Что касается живых встреч и концертов, то на них работает охрана. Я боюсь случайных людей, недоброжелателей, но не своих слушателей. Их я очень люблю и всегда жду на выступлениях. Ну и вообще они — важная часть всей этой движухи.
— Были ли случаи, когда тебе приходилось защищаться — охрана неспроста же появилась?
— Да, был случай, когда девчонки вылезали на сцену, чтобы передать записку прямо посреди песни. Это мне сильно не понравилось — считаю это неуважением. Есть некоторая культура выступления — и в театре, и в цирке, и везде, где есть артисты. И это просто некультурно — прерывать артиста, который в потоке несет свое творчество, поет.

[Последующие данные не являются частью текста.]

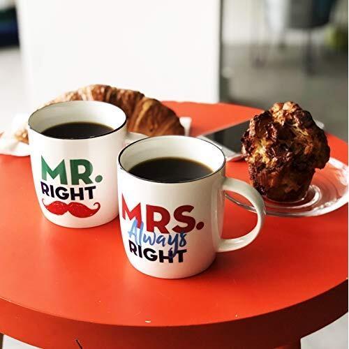 Sponsored Triple Gifffted Mr Right and Mrs Always Right Coffee Mugs Gifts for Wedding Anniversary, Engagement, Christmas, Valentines Day Set for Couple/Her/His/
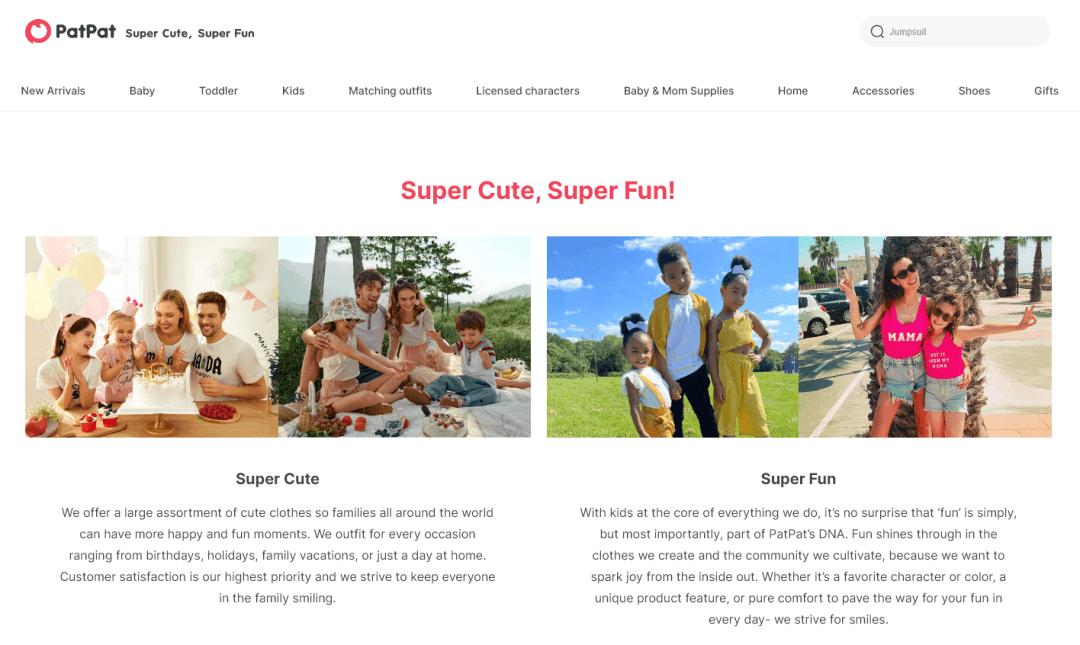 在海外母婴产品主打质量、定制和舒适度的大背景下,PatPat却独树一帜地打出了“Super Cute,Super Fun”的Slogan,将“Cute”作为了品牌的核心卖点。

Поэтому мы стараемся, чтобы таких случаев не было изначально — чтобы охрана следила за тем, чтобы никто не залезал. И мне обижать людей не хочется, и терпеть, чтобы складывали сумки на сцену, спали там или наоборот туда выбегали… Нельзя так.
— То, что происходит в песнях — это реальные ситуации?
— Вроде я хорошо маскируюсь, и никто ничего пока не понял. Чаще всего я беру только часть реальной ситуации и докручиваю ее с помощи фантазии и придумываю детали. То есть, я так додумываю персонажа, что людям сложно угадать, про кого именно это. Иногда это собирательные образы. Но в основном только про хорошие песни я могу сказать, мол, вот это про тебя.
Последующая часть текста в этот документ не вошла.